Further details into the molecular mechanisms of GH-RH antagonist actions and effects could be elucidated via mechanistic studies. Additional research should delve deeper into the molecular mechanisms by which GH-RH antagonists exert their antiproliferative and anti-inflammatory effects. This includes understanding the signaling pathways involved and identifying biomarkers that can predict treatment response in the aged. With the common availability of vastly improved molecular testing/ molecular pathology, not available when this work started 50 years ago, we can test molecules that may be associated with improved treatment outcomes. Surely, collection and analysis of tissues may also provide more detail of the tissue-specific molecular effects of these peptides as well. This line of research could also identify additional molecules that may be targeted by existing or new agents in these signaling paths.
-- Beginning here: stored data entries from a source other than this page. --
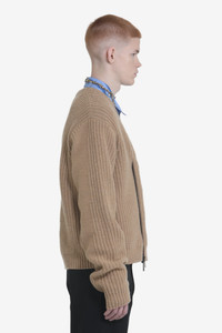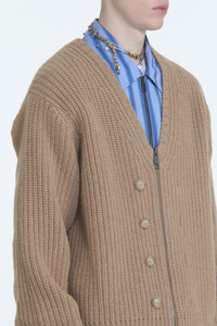V-neck sweater with buttons and zip closure made of a beige chunky knit fabric. It features a double front zip and button closure, long sleeves with ribbed cuffs, and a relaxed fit. The construction combines ribbed details with smooth knit sections, offering a functional and clean design. DETAILS Color: Biscuit Composition: 100%WV Product Code: 25IN1M0A00570771209 Made in Italy SIZE AND VESTIBILITY The model wears size 48. The garment fits regular.
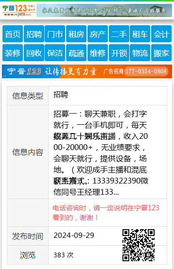 招募一:聊天兼职,会打字就行,一台手机即可,每天收入几十到几百。
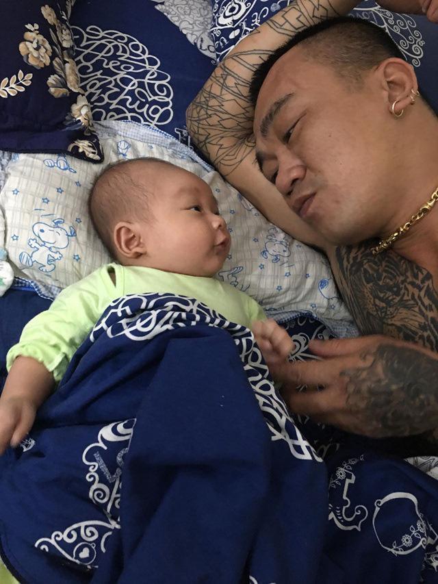 Clip ông bố xăm trổ ru con ngủ khiến người xem thích thú.
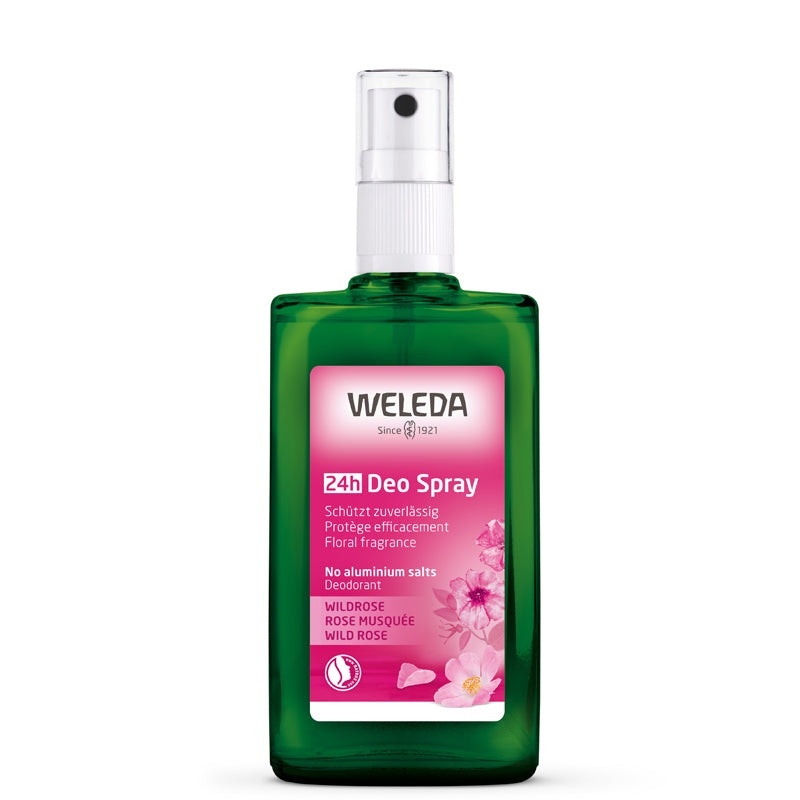 Weleda Wild Rose 24h Deo Sprayhelps counteract unpleasant body odours without clogging pores and inhibiting the important functions of the skin. Pure essential oils of Damask rose and Ylang-ylang create a delicate, floral scent and the bacteria which cause
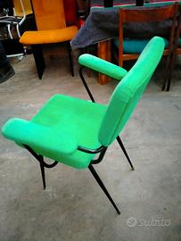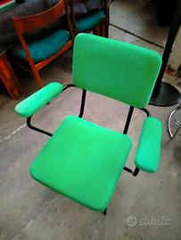 Sedia verde in metallo anni '60, completamente ritapezzata.
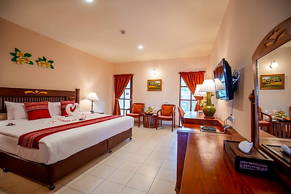 Superior Pool View Room is 409 square feet and includes either 2 single beds 80-130 width or a king-size bed 150-183 width plus balcony, desk, hairdryer, and tea and coffee making facilities .
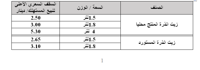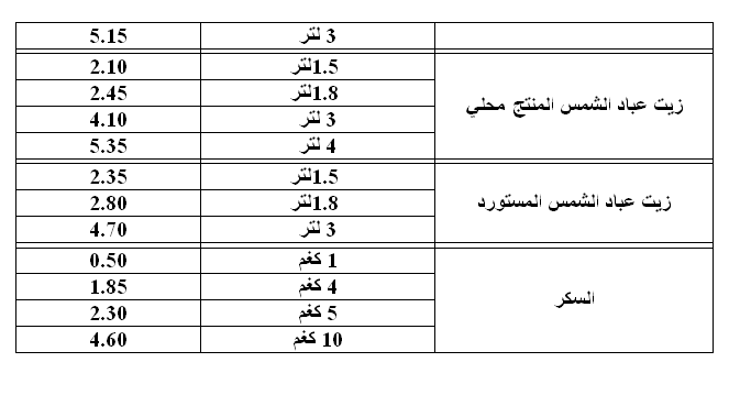 ويبين الجدول التالي السقوف السعرية لمادتي السكر والزيوت النباتية اعتبارا من صباح يوم غد الخميس.
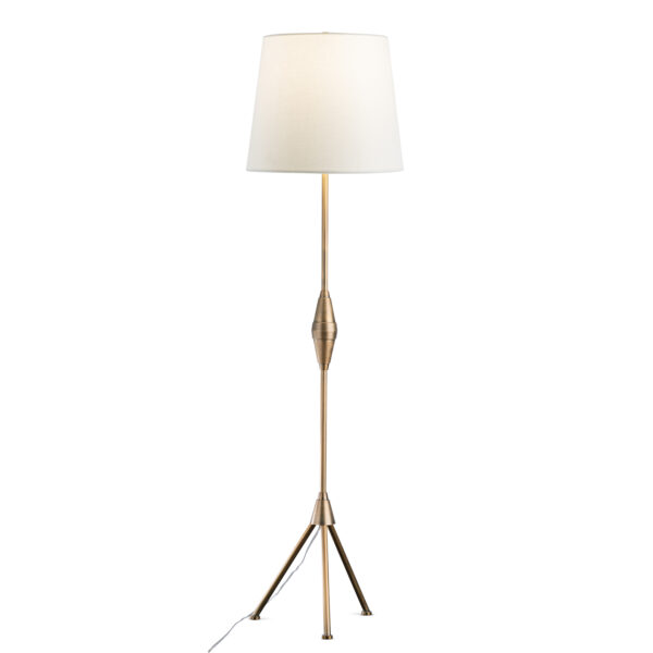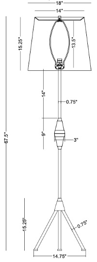 HEIGHT: 67.5″HFINISH: metal, antique brass finishSHADE: tapered drum; 14″ø(t) x 18″ø(b) x 15.25″HSOCKET: 150W 3-wayWEIGHT: 9 lbs
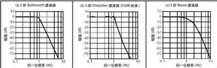 Bessel濾波器通帶中有平坦幅度響應(見圖2c)。過了通帶後,轉換頻帶的衰減率比Butterworth或者Chebyshev濾波器的低,且阻帶中沒有振蕩。這種濾波器的階躍響應是上述所有濾波器中最好的,過衝和振蕩都極小(見圖3c)。

Given the positive preclinical results and the growth of our aging populations, it is imperative to advance GH-RH antagonists into clinical trials to improve BPH outcomes. This direction will help determine safety, optimal dosing, and efficacy and capture any potential side effects and safety signals through comprehensive toxicological studies. The translational potential of these antagonists depends on such clinical studies, and the continued rising global prevalence of BPH warrants these investigational efforts.

We also propose expanded applications of GH-RH antagonists by investigating their potential use in other hormone-related conditions and malignancies like lung disease. Another disease that is affecting our aging population at large and the aging Veterans. Tissue and indication-related specificity may be found with studies of lung cancer and lung fibrosis. The ability of antagonists to inhibit growth and inflammation suggests that they could be beneficial in treating these other disorders characterized by similar pathophysiological mechanisms.

Our efforts always include a special focus on US Service Members since most of our work has been conducted in the setting of the US Department of Veterans Affairs. Studies among this population are warranted due to the high prevalence of BPH among service members, military personnel, and aging Veterans. Hence, we propose these studies within the VA healthcare system, the largest integrated healthcare system in the US, that could provide valuable insights and directly benefit this patient population and the aging population at large.